Your bakery may be subject to regular inspections by health officials. You must have excellent
sanitary practices and maintain a bakery providing food which is safe to eat. Hazard Analysis &
Critical Control Points is a management system you can implement which will analyze the safety
of the food you're selling to the public. It allows you to monitor processes from raw materials to
the finished product.

Factors to consider
For new businesses it's not always easy to decide which legal structure to choose. You need to
consider your startup's financial needs, risk and ability to grow. It can be difficult to switch your
legal structure after you've registered your business, so choosing correctly at the start is crucial.

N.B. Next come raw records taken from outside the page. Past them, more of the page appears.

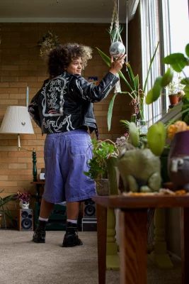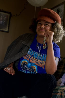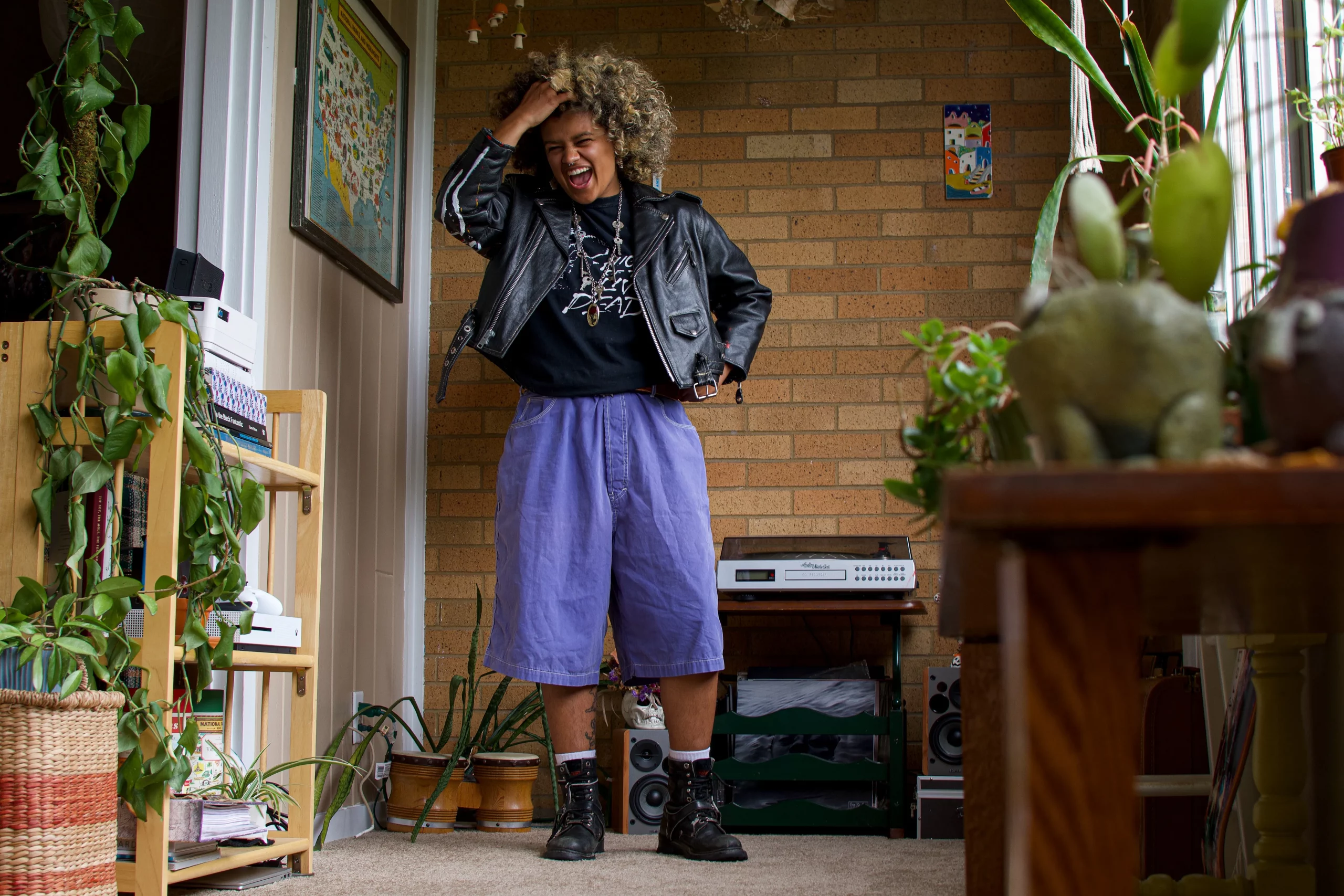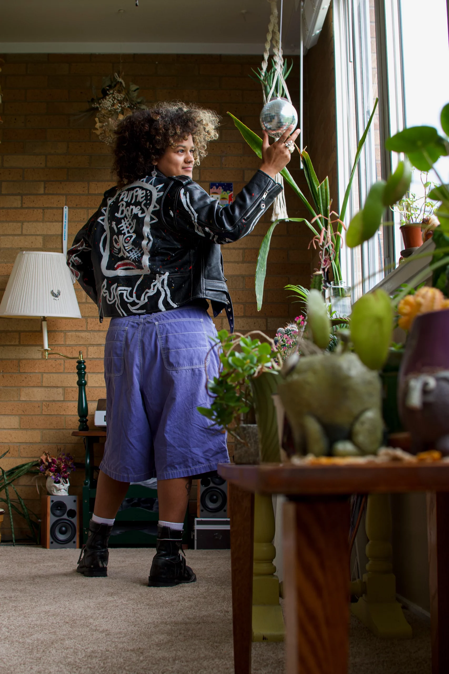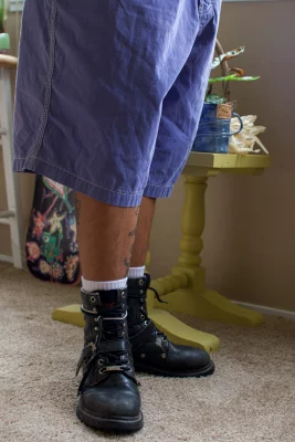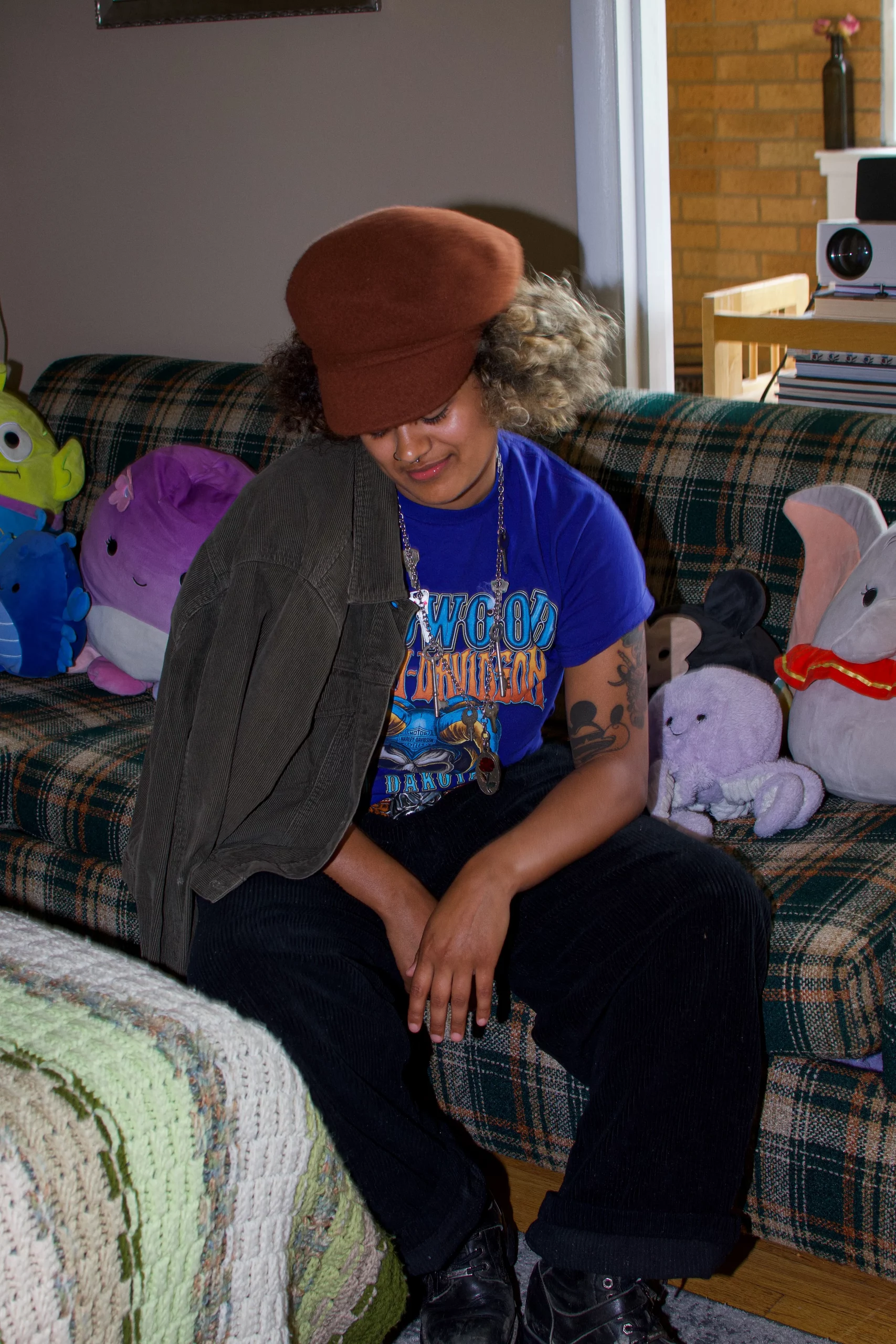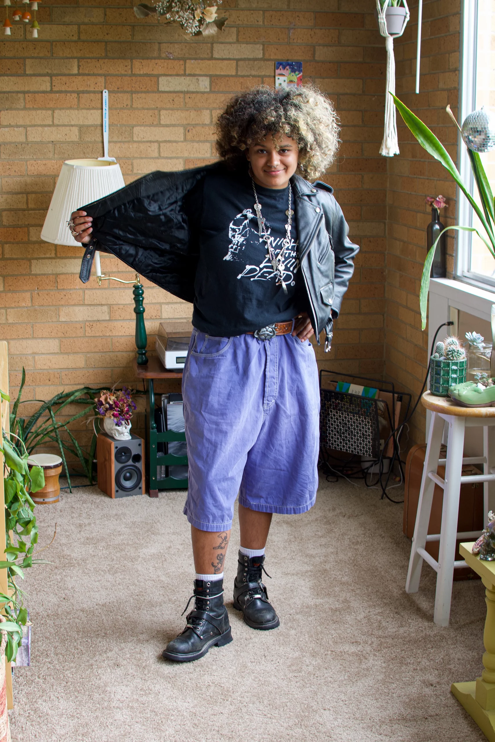 My style is a combination of biker, Western and rockabilly. I pull from a lot of ’80s and ’90s movies. I also love screen-printed graphic tees and my own art.
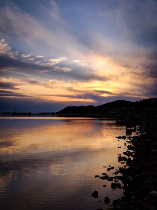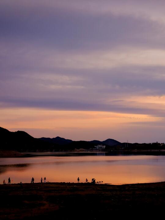 傍晚可散步到金海湖边,满天霞光把湖水染成蜜糖色!孩子捡石子打水漂,你只管拍油画感大片!(18:30左右光线最温柔)
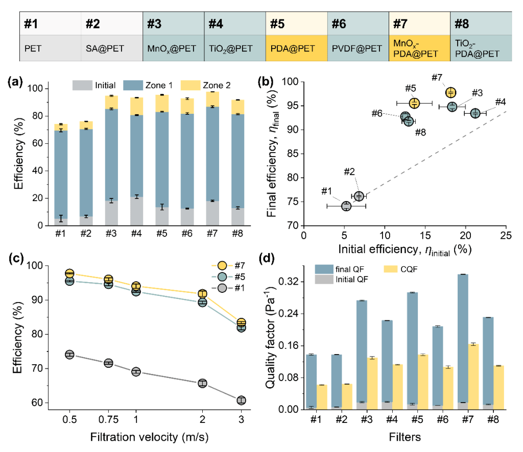 如何克服纤维过滤器效率、阻力、容尘量的本构限制关系是空气过滤的核心难题。本工作介绍了一种电场激励下的界面修饰(e-OST)策略,分析了荷电颗粒物在单根极化纤维表面的传递规律与静电力参数;成功制备了一系列表面负载的聚酯纤维过滤器(x@PET);建立了评价该修饰策略收益-代价的通用无量纲参数。通过颗粒物荷电-纤维极化电场激励,同时提升纤维表面粗糙度与静电势,实现了高效、低阻、长期性能良好的颗粒物过滤,在表面修饰涂层厚度仅为纤维间距千分之一的情况下,可实现纤维过滤品质因子50倍以上的提升。
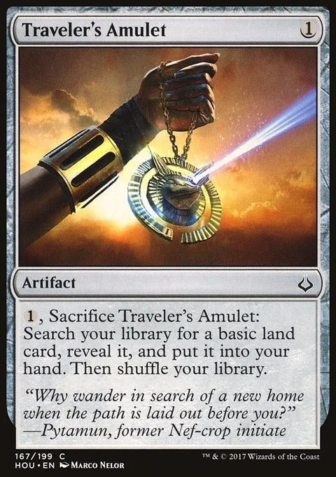 {1}, Sacrifice this artifact: Search your library for a basic land card, reveal it, put it into your hand, then shuffle.
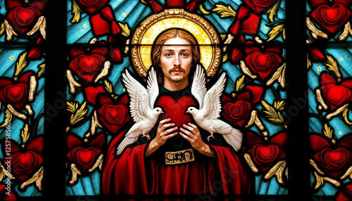 Naklejka premium Jesus Christ Holding Red Heart in Stained Glass
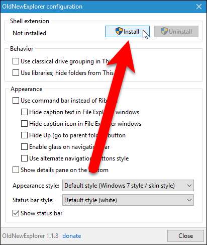 לאחר מכן, בתיבת הדו-שיח תצורת OldNewExplorer, לחץ על "התקן" במקטע הרחבה של מעטפת. זה מאפשר להחיל את ההגדרות בתיבת דו-שיח זו על סייר הקבצים כאשר אתה בוחר בהן.
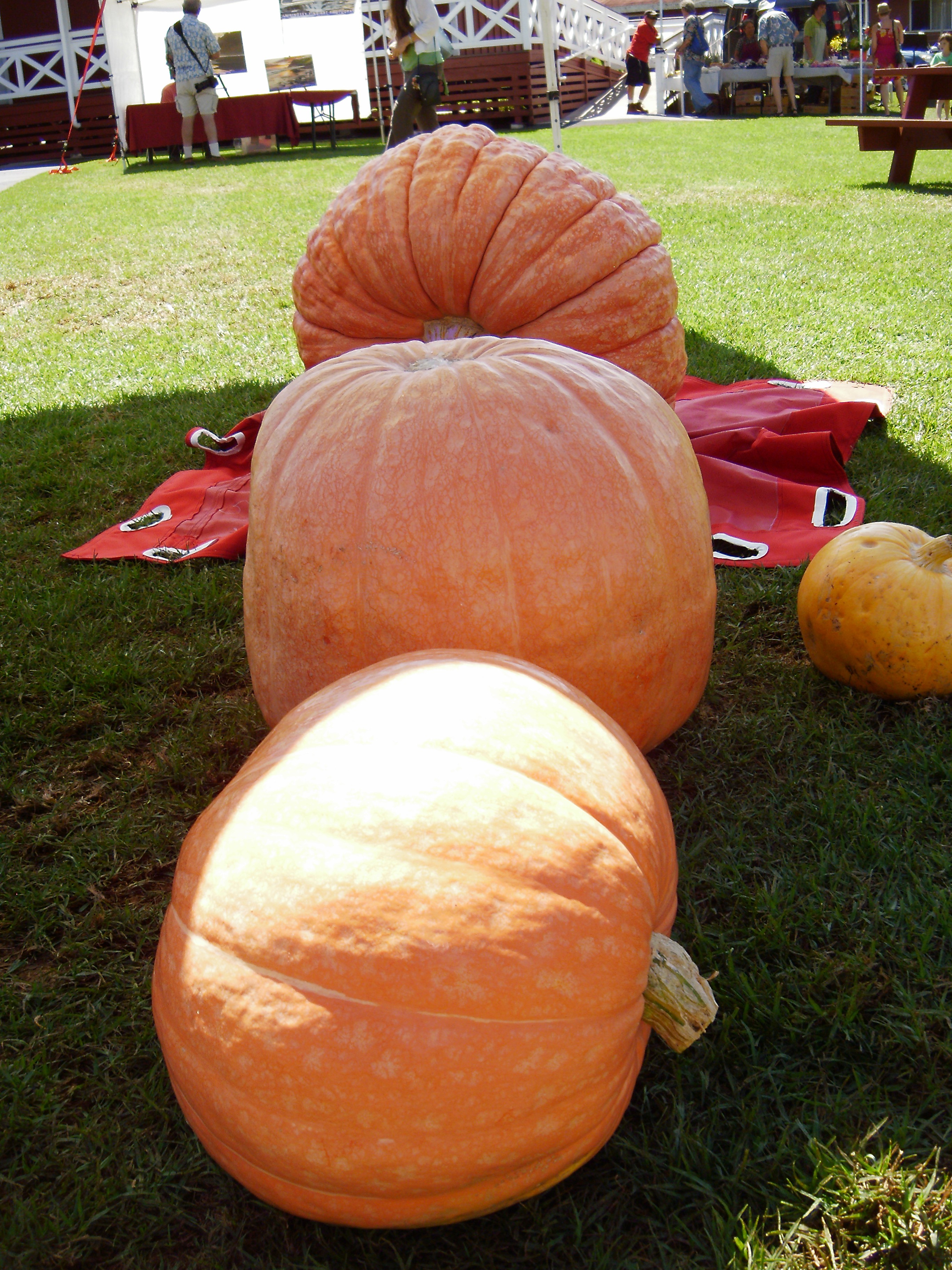 Young Kawika Winters himself weighed in at only 1/2 a pound more than the giant pumpkin that he grew. Here he awaits the judging flanked by the other contenders.
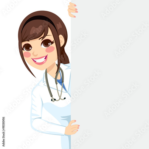 Beautiful happy professional female doctor peeking out of a blank billboard
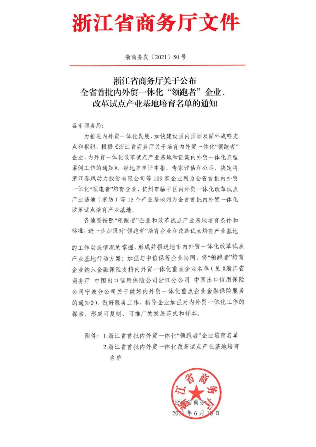 为推进内外贸一体化发展,加快建设国内国际双循环战略支点和枢纽,根据《浙江省商务厅关于培育内外贸一体化“领跑者”企业、内外贸一体化改革试点产业基地和征集内外贸一体化典型案例工作的通知》,经地方自评申报、专家评估和公示,决定将尊龙凯时泵业股份有限公司等109家企业列为全省首批内外贸一体化“领跑者”培育企业,杭州市临平区内外贸一体化改革试点产业基地(家纺)等15个产业基地列为全省首批内外贸一体化改革试点培育产业基地。
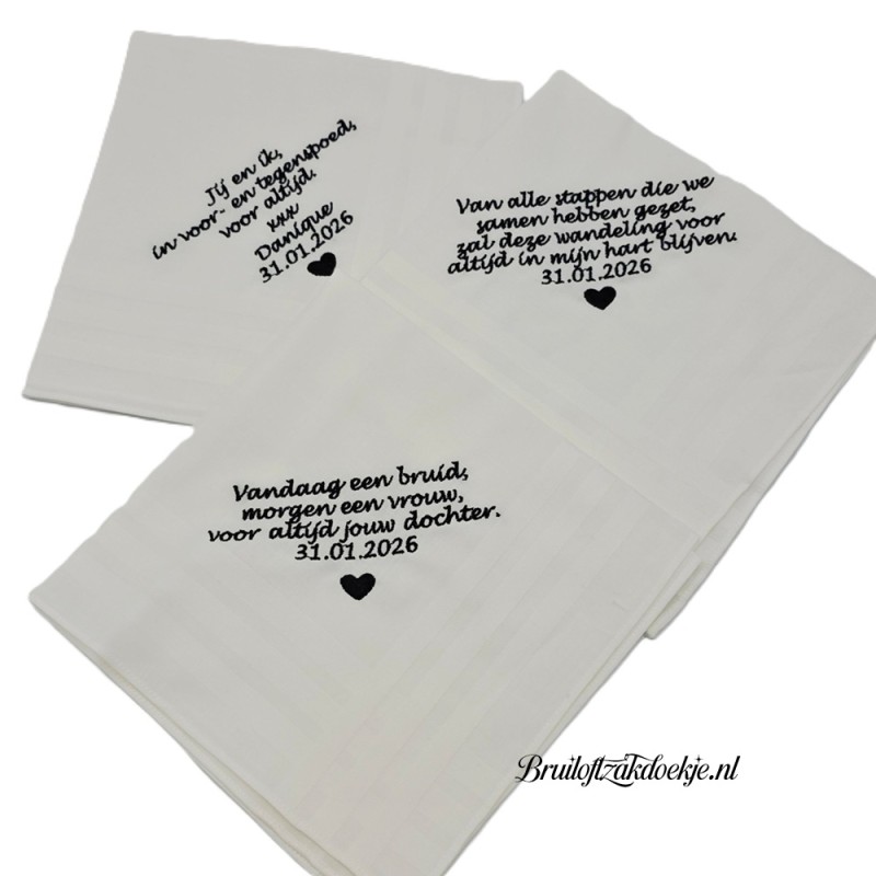 P.S. U kunt de regelgeving niet aangeven. Deze wordt automatisch passend gemaakt in de punt van de zakdoek.
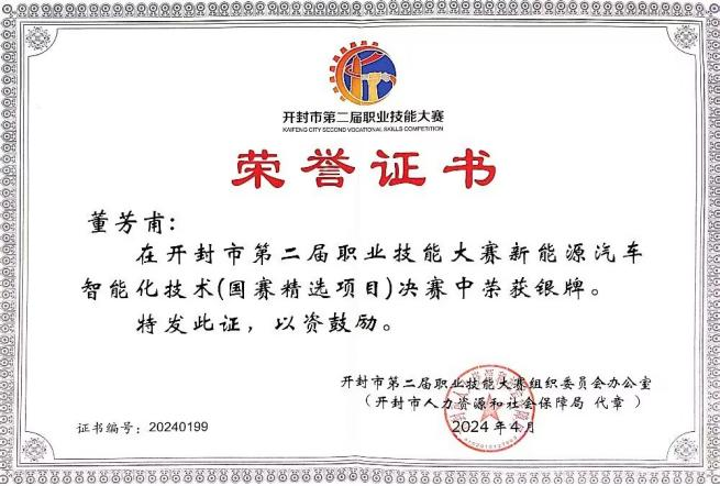 本次大赛由开封市人民政府主办,旨在全面检验和提升全市职业技能人才的专业素养和综合能力。在新能源汽车智能化技术项目的比赛中,我校参赛教师王亚楠、董芳甫展现出了高超的技能水平和出色的团队协作能力。他们凭借扎实的专业知识、精湛的操作技艺和冷静的应对能力,在比赛中脱颖而出,荣获银奖。这一成绩的取得,不仅是对我校参赛选手个人努力的肯定,更是对学校新能源汽车技术专业教育水平的认可。
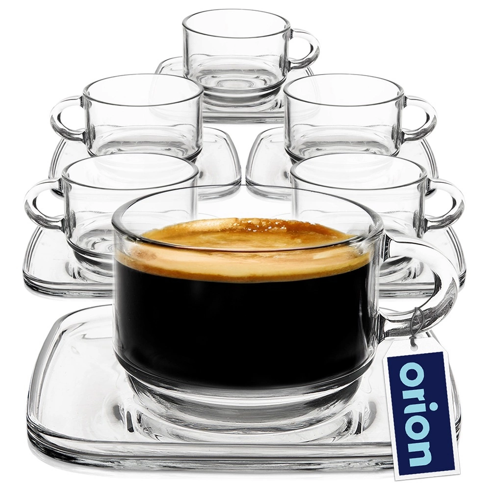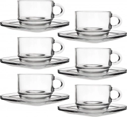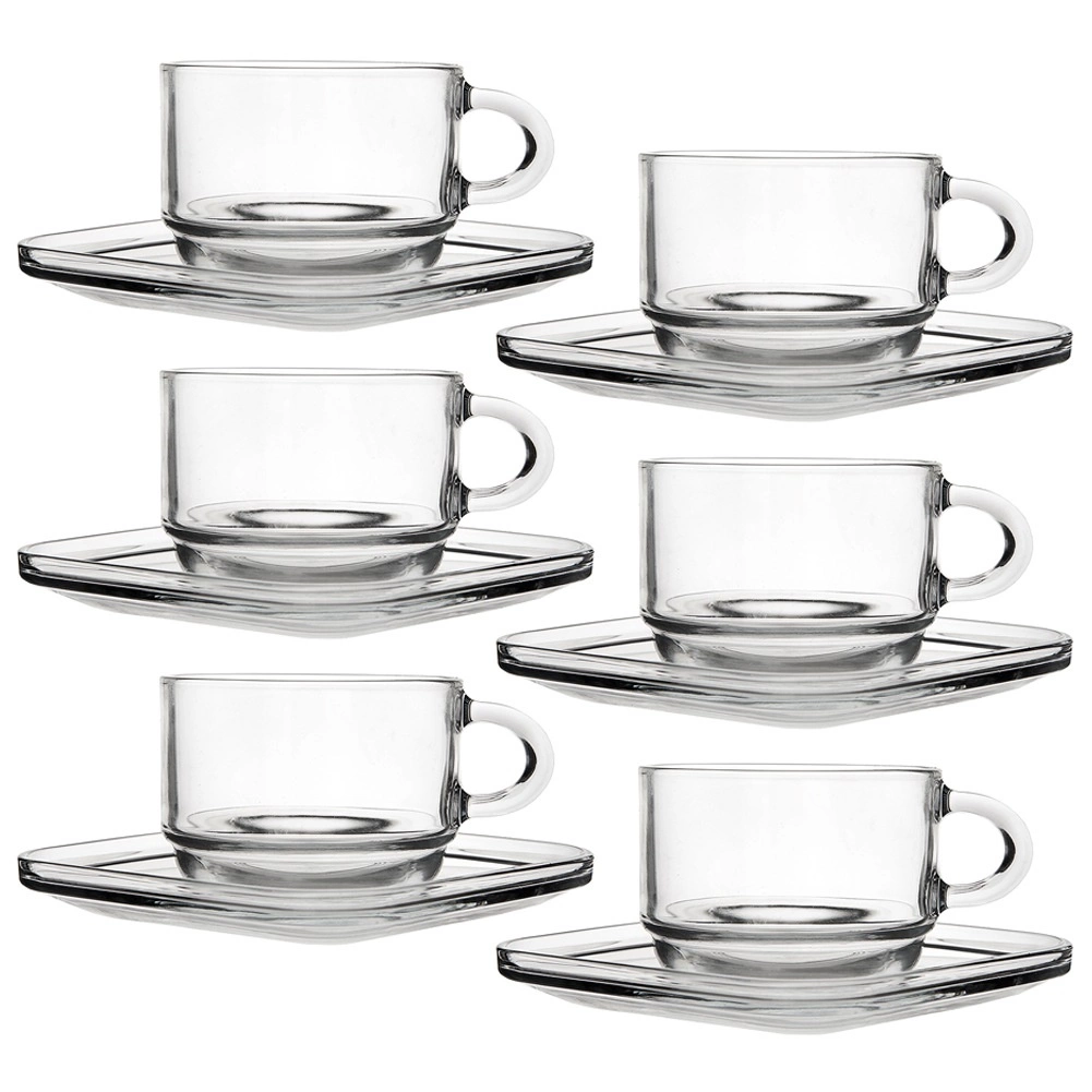 Élégant ensemble de six tasses en verre avec soucoupes carrées d’une capacité de 250 ml pour servir au quotidien le café, le thé et les infusions. Fabriqué en verre transparent de qualité qui met superbement en valeur la couleur de la boisson. Les tasses disposent d’une anse ergonomique pour une prise en main confortable, de soucoupes carrées modernes pour la stabilité et le style, et sont compatibles lave-vaisselle pour un entretien facile.
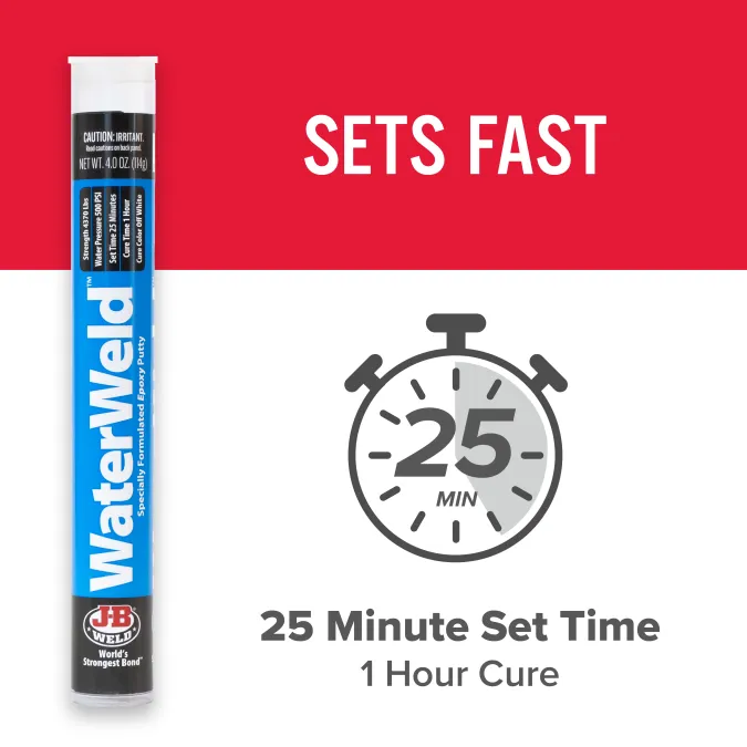 WaterWeld will plug or seal leaks and patch holes and cracks in almost anything. Ideal for repairing plumbing, fuel tanks, tub and shower, drains, pool and spa, boats and potable water tanks; setup occurs even under water. After curing, it can be drilled, tapped, filed, sanded and painted. WaterWeld has a set time of 15-25 minutes and sets hard in one hour. WaterWeld cures to an off-white color, is rated at a strength of 4370 PSI and will withstand water pressure up to 500 PSI and temperatures up to 250°F.

You'll want to ask yourself where your company is headed, and if your structure allows for it.
Turn to your business plan to align your goals with the proper structure. Your entity should
support the possibility for growth and change, not hold it back from its potential.

When it comes to startup and operational complexity partnerships require a signed agreement to
define roles and percentages of profits.

Partnerships share the liability between the partners as defined by their partnership agreement.

Individuals in a partnership also claim their share of the profits as personal income. Your
accountant may suggest quarterly or biannual advance payments to minimize the end effect on
your return.

Capital investment
If you need to obtain outside funding sources, like investor or venture capital and bank loans,
you may be better off establishing a corporation, which has an easier time obtaining outside
funding than does a sole proprietorship. Corporations can sell shares of stock, securing
additional funding for growth, while partners can only obtain funds through their personal
accounts, using their personal credit or taking on partners.